### DATA BELOW
BEGIN

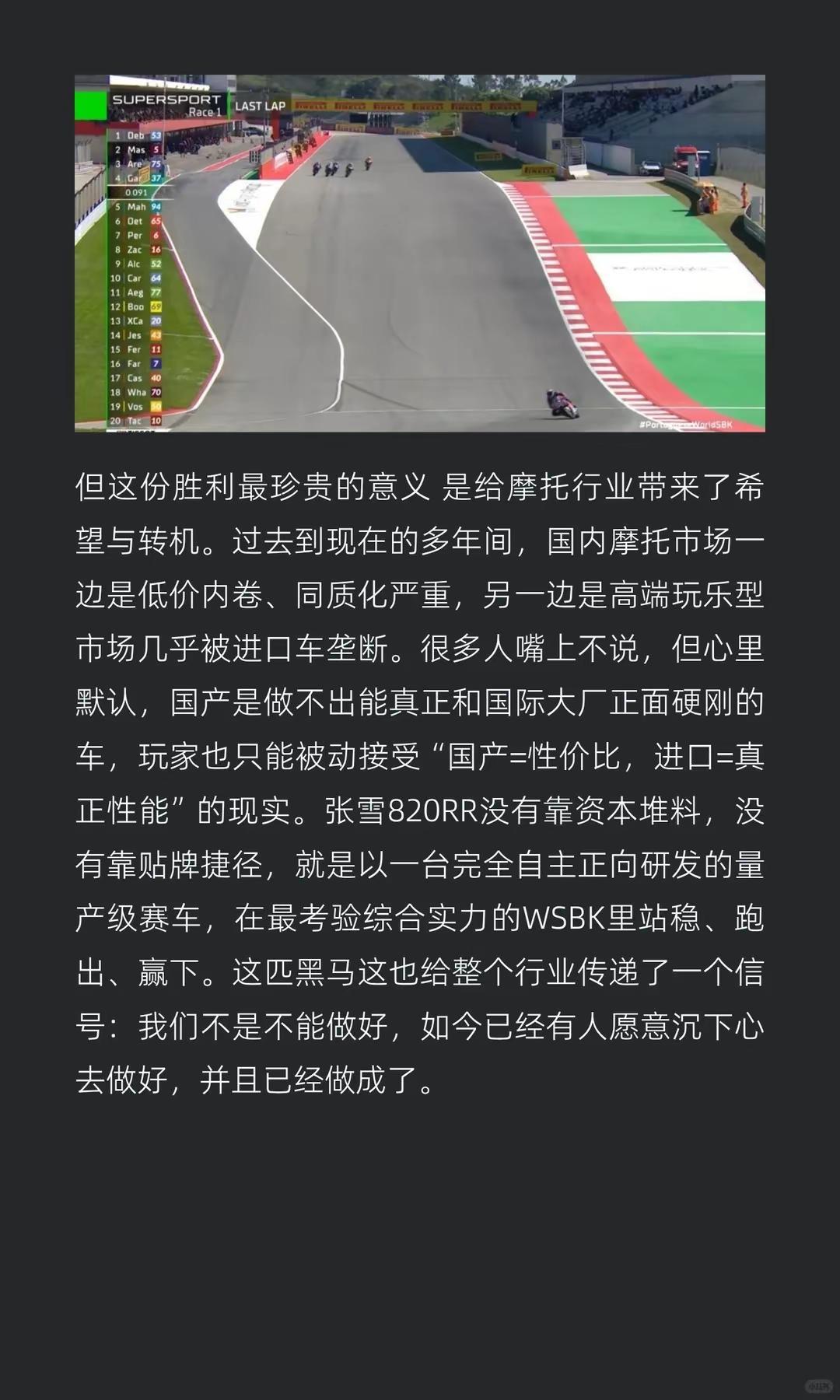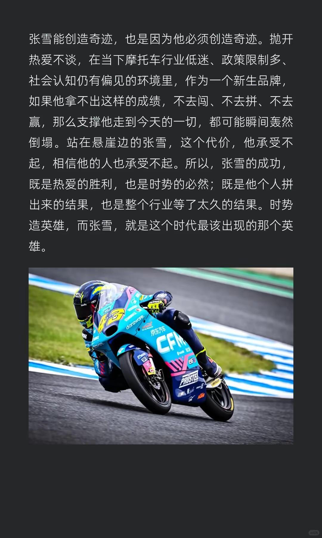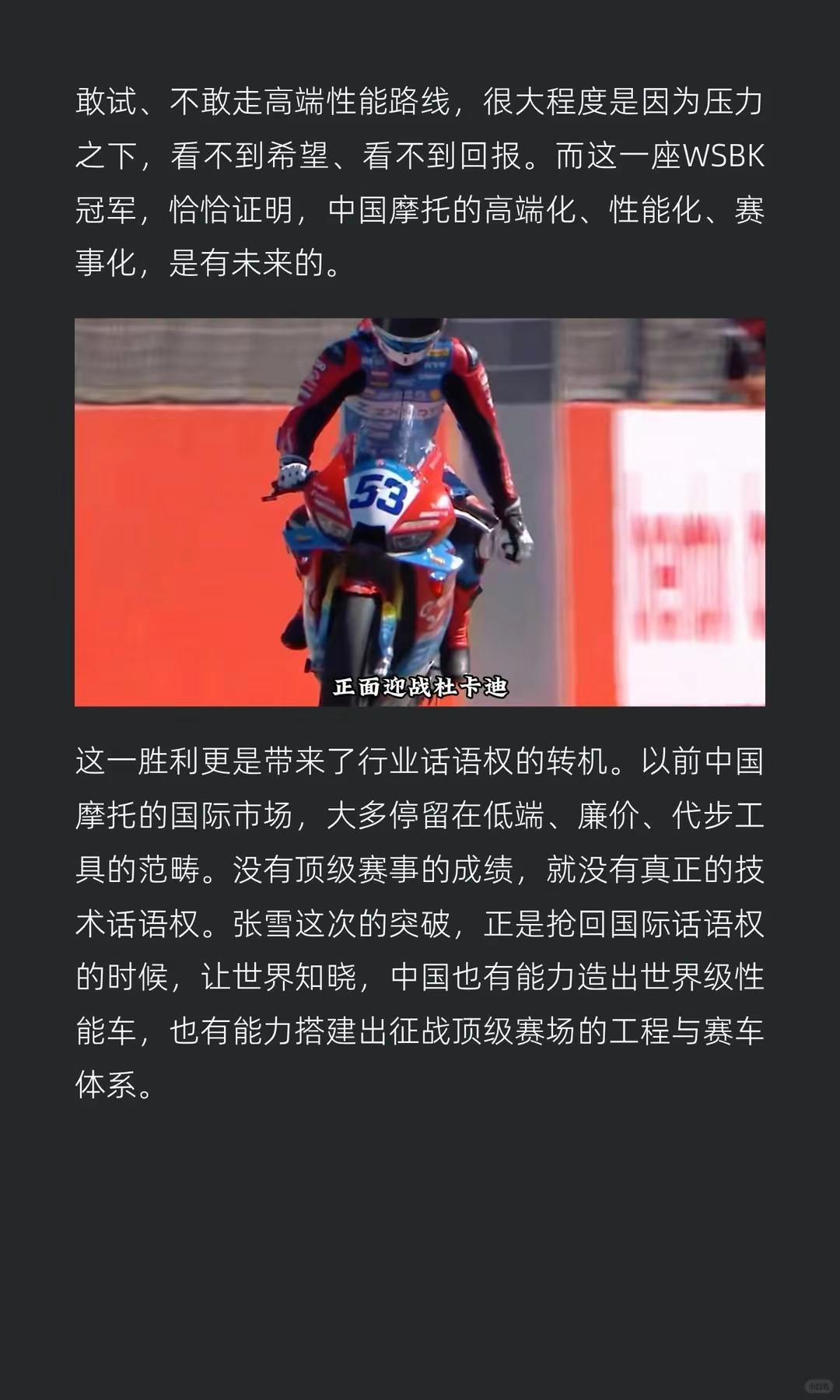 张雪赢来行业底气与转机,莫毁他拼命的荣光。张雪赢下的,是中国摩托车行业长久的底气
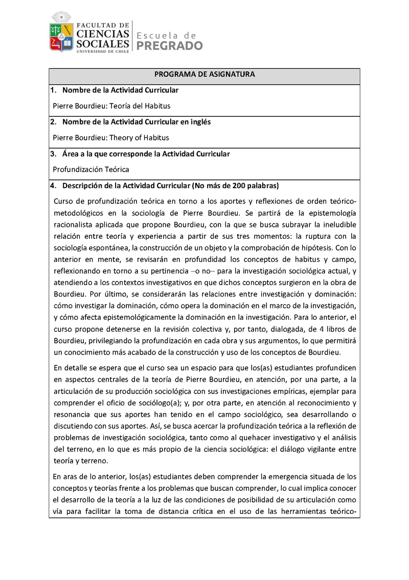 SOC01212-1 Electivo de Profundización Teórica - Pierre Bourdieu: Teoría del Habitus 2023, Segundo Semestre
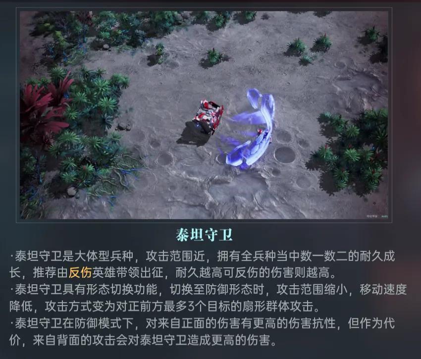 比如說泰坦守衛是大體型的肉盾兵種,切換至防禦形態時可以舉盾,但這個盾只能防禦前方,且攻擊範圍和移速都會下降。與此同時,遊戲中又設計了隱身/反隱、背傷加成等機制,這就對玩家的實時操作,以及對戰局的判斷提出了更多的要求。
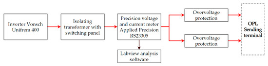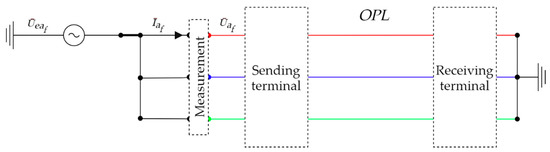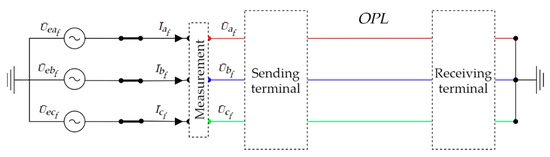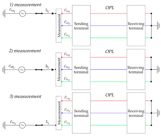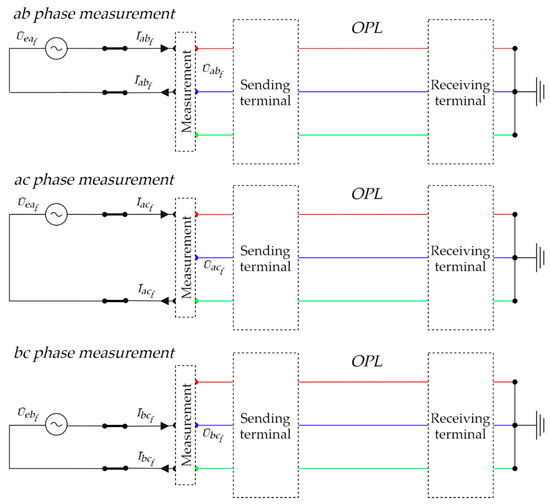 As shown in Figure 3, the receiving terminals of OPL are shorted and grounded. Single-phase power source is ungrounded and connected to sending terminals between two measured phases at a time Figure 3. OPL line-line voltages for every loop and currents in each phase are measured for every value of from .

END

### TASK STATEMENT
Do not include the pictures. Quote only the lines from the line with "SOC01212-1 Electivo de" through the end of the material, both ends included, exactly.

### ANSWER SPACE
 SOC01212-1 Electivo de Profundización Teórica - Pierre Bourdieu: Teoría del Habitus 2023, Segundo Semestre
 比如說泰坦守衛是大體型的肉盾兵種,切換至防禦形態時可以舉盾,但這個盾只能防禦前方,且攻擊範圍和移速都會下降。與此同時,遊戲中又設計了隱身/反隱、背傷加成等機制,這就對玩家的實時操作,以及對戰局的判斷提出了更多的要求。
 As shown in Figure 3, the receiving terminals of OPL are shorted and grounded. Single-phase power source is ungrounded and connected to sending terminals between two measured phases at a time Figure 3. OPL line-line voltages for every loop and currents in each phase are measured for every value of from .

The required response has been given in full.